(b) Mitochondrial diversity
Globally, average mitochondrial genetic diversity was higher in the western Pacific Ocean and lower along North American and European coastlines (Fig. 2A & B, S4A & B). For both Hdand π, diversity peaked at low-to-mid latitudes and declined towards the poles, particularly in the Northern hemisphere (Fig. 2A & B, S7A & B). Diversity was also consistently higher in the Coral Triangle and elsewhere in the western Indo-Pacific (Fig. 3A & B). For mitochondrial genetic diversity (either Hd or π), we found that all latitude and longitude models performed better than the baseline (null) model (Table 1). Latitude, absolute latitude, and longitude were significant predictors of mitochondrial genetic diversity (Table 1, Fig. S8). As expected, Hd increased consistently with the length of the locus in base pairs (Fig. S9) and decreased towards species range edges (although π did not) (Fig. S10).

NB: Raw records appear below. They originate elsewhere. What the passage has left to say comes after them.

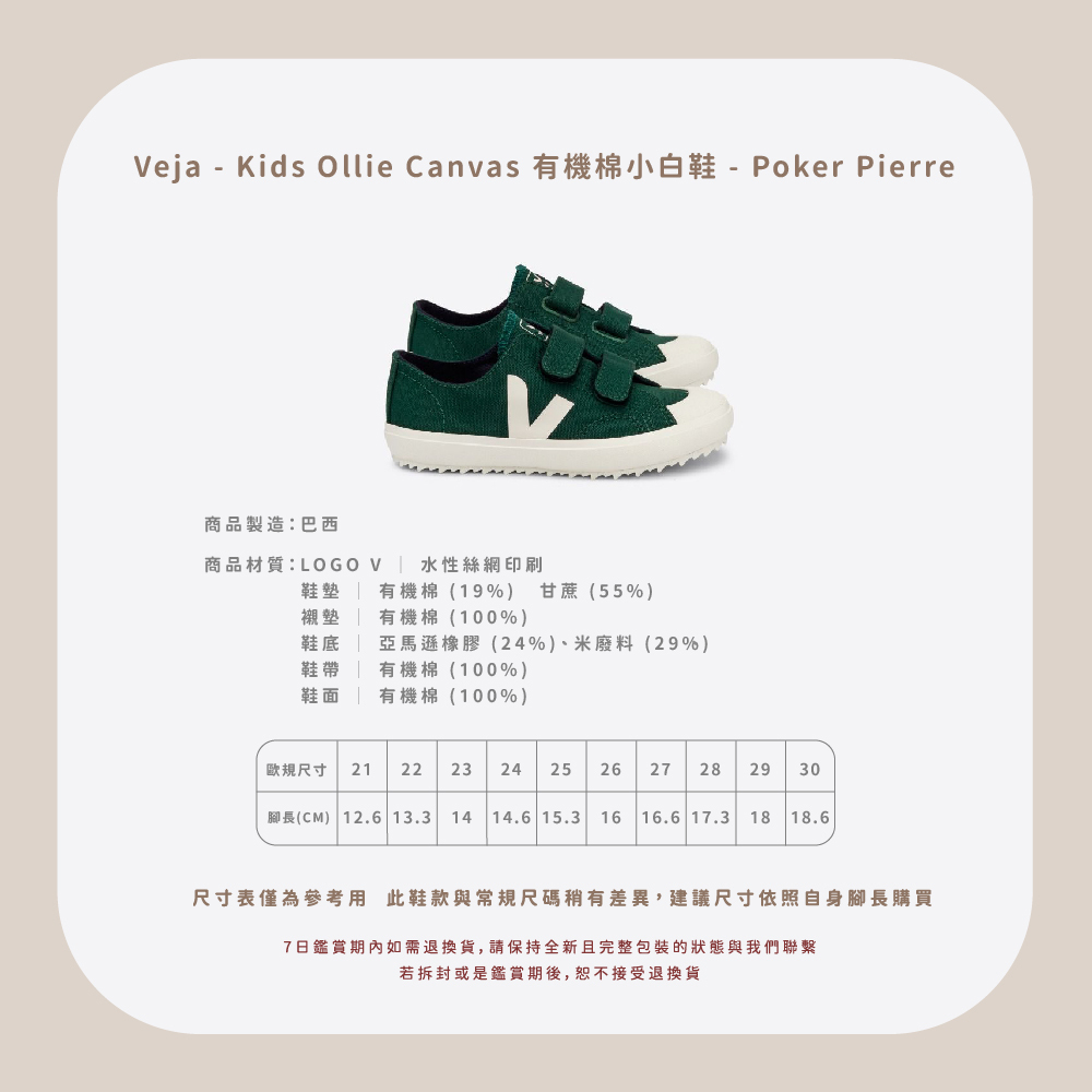 Veja - Kids Ollie Canvas 有機棉小白鞋 - Poker Pierre
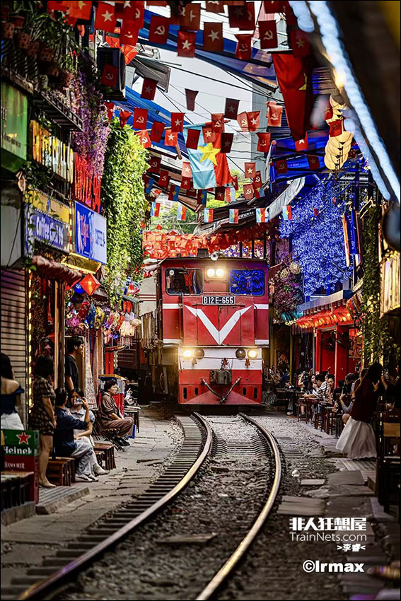 2025年9月。越南著名网红街火车街,位于河内站以北两公里的一个弯道处,是前往越南北部老街、同登、海防等线的必经之路。
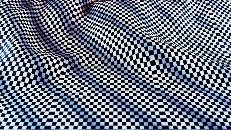 Abstract checkered with black and white plaids waving slowly, motions of flowing-textil graphics, modern background design. Tablecloth material fabric loop with relextion, 3D render animation Pro Video
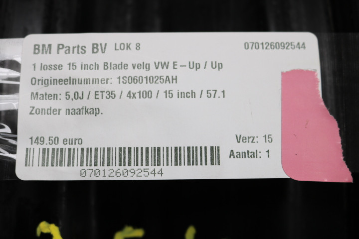 ORIGINEEL! 1 losse 15 inch Blade velg VW E-Up / Up! 1S0601025AH
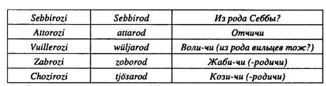 — от рода рускаго — Карлы, Инегелдъ, Фарлофъ, Веремудъ, Рулавъ, Гуды, Руалдь, Карпъ, Фрелавъ, Рюаръ, Актову, Труаігь, Лидуль, Фостъ, Стемиръ, иже послали от Олта, великаго князя рускаго…
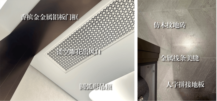 还打造了海派雕花出风口、卧室地面鱼骨拼接、卫生间地面复古拼花、香槟金金属铝板门框、金属踢脚线等元素,整个海派美学居住空间精致有腔调~
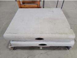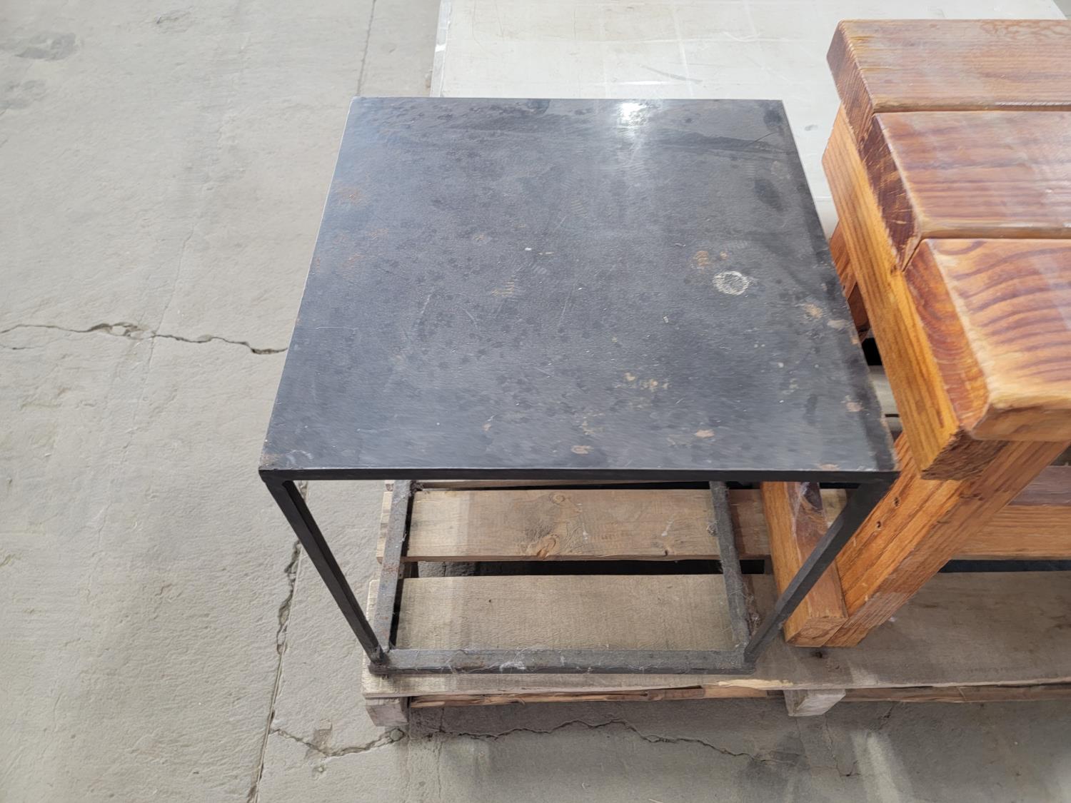 Wooden table 23 inch w x 16 inch d x 19-1/2 inch h, metal table 15-3/4 inch x 15-3/4 inch x 16-1/2 inch h
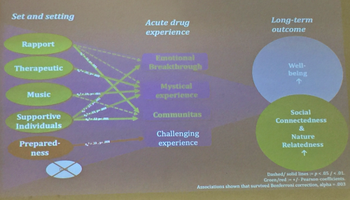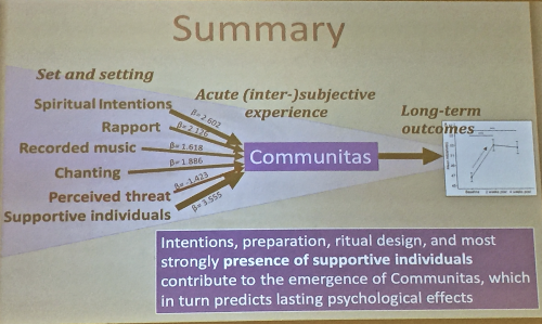 Hannes linked his talk to Victor Turner's concept of 'communitas' - "a state of equality, comradeship, and common humanity, outside of normal social distinctions, roles, and hierarchies" - see Turner's book "The ritual process: structure & anti-structure". Hannes' research explored the hypothesis that ... in addition to participants' subjective reports of, for example, mystical-type or emotional breakthrough experiences ... "Intersubjective experience (Communitas) during ceremony contributes to increased psychological well-being and social connectedness". Four weeks post-ceremony was a key endpoint for measuring these positive changes, although there were also more immediate (e.g. day after) and more delayed (e.g. at 6 & 12 month) assessments. Communitas during the ceremony itself was measured using an 8-item scale developed from earlier research studies on this variable. (Here's a copy of the Communitas Scale (as a PDF file & as a Word doc) illustrating the questions used). As you can see from the Summary slide below, greater levels of group Communitas lead to better outcomes. Communitas was particularly contributed to by the presence of supportive individuals, spiritual intentions, and rapport, while chanting, music and a low sense of threat also helped.
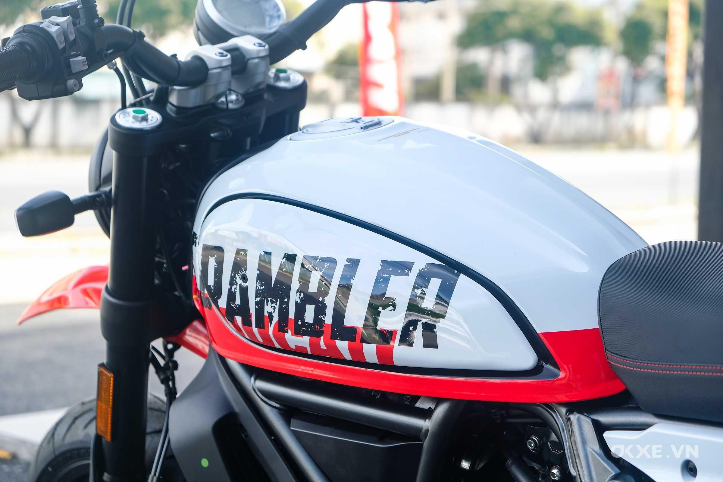 Điểm nhấn riêng của Scrambler Urban Motard là màu sơn đỏ trắng cùng bộ tem theo phong cách graffiti trên bình xăng. Bộ tem này giúp xe trẻ trung, không còn vẻ khô khan thường thấy trên các mẫu xe mô tô địa hình.
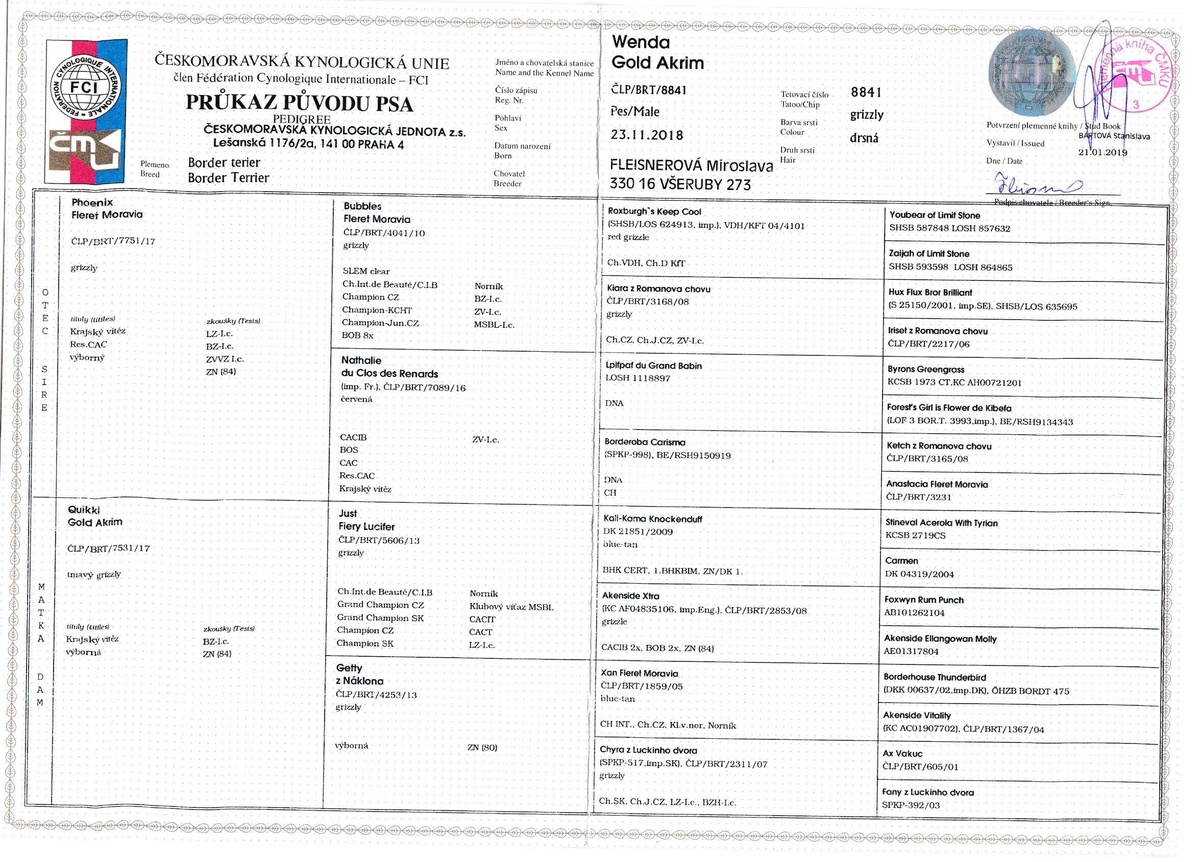 17.07.2021 | Národní (CAC) Mladá Boleslav/CZ | Jana Daňková/CZ | otevřená | V1 |
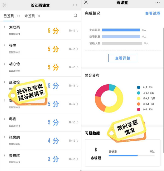 雨课堂反馈学习状态数据,及时掌握学生课堂表现。课堂上为了及时了解学生听课状态,在授课过程中会适时关注弹幕和评论区里学生留言,及时解答学生问题,课上连麦、提问等环节,增强师生互动,为了检验学生的听课效果以及知识掌握情况,每堂课都会发布雨课堂练习,如词汇练习、单句及段落翻译及作文等。题型设定可选择,主观题、客观题、投票等类型多样化。也可批量导入题量稍大些的客观题作为随堂练习或测试。雨课堂会及时把课堂数据进行反馈,会根据学生课堂表现,列出优秀学生和“预警”学生名单,让教师及时掌握学生学习状态。
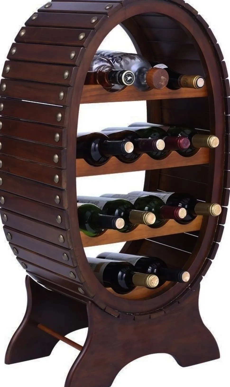 Vinställ i oval form, tillverkat av MDF i brunt utförande. Ett dekorativt med plats för en mindre vinsamling.
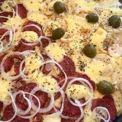 Calabresa- Molho de tomate, Muçarela, Calabresa fatiada, azeitonas fatiadas e orégano Mussarela- Molho de tomate, Muçarela, Calabresa fatiada, azeitonas fatiadas e orégano
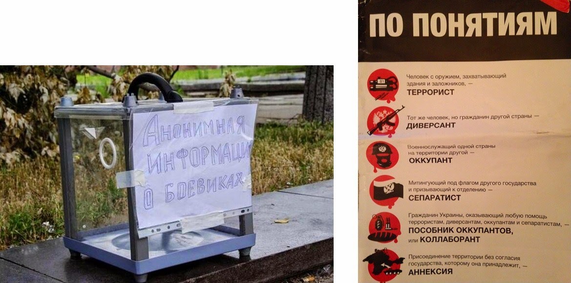 Think about it. The people here have seen their houses destroyed and their friends and neighbours killed in front of them, and now they’ve been left to the mercies of the same Ukrainian army who’s been bombing them. The new authorities have already taken away the young men for questioning, and are (by their own admission) conducting sweeping investigations to find anyone who might in any way have supported the separatist movement. Government leaflets warn of the penalties for assisting ‘terrorists’, and special boxes have even been set up to enable people to inform anonymously against their neighbours.

Both environmental drivers were significantly correlated with mitochondrial genetic diversity (Hd and π) and performed better than the null model (Table 2). Sea surface temperature was positively related with mitochondrial diversity (Fig. 4A & B), while chlorophyll-a concentration followed a quadratic relationship with diversity highest at mid-to-upper chlorophyll-a concentrations (5-10 mg/m3) (Fig. 4D & E).
When looking at how these global patterns differed across a subset of families represented in our dataset, we found substantial variation. While the majority of the 10 families followed the same overarching patterns (e.g. reduced mitochondrial genetic diversity at higher latitudes, increased diversity at elevated SST, and a quadratic relationship with chlorophyll-a concentration), several did not (Fig. S11-S13). Gadidae (cods) and Sebastidae (rockfishes) showed elevated mitochondrial diversity at higher latitudes and lower SST for bothHd and π, while the relationships between latitude and SST varied in Carcharhinidae (requiem sharks), Engraulidae (anchovies), and Rajidae (skates) by marker type.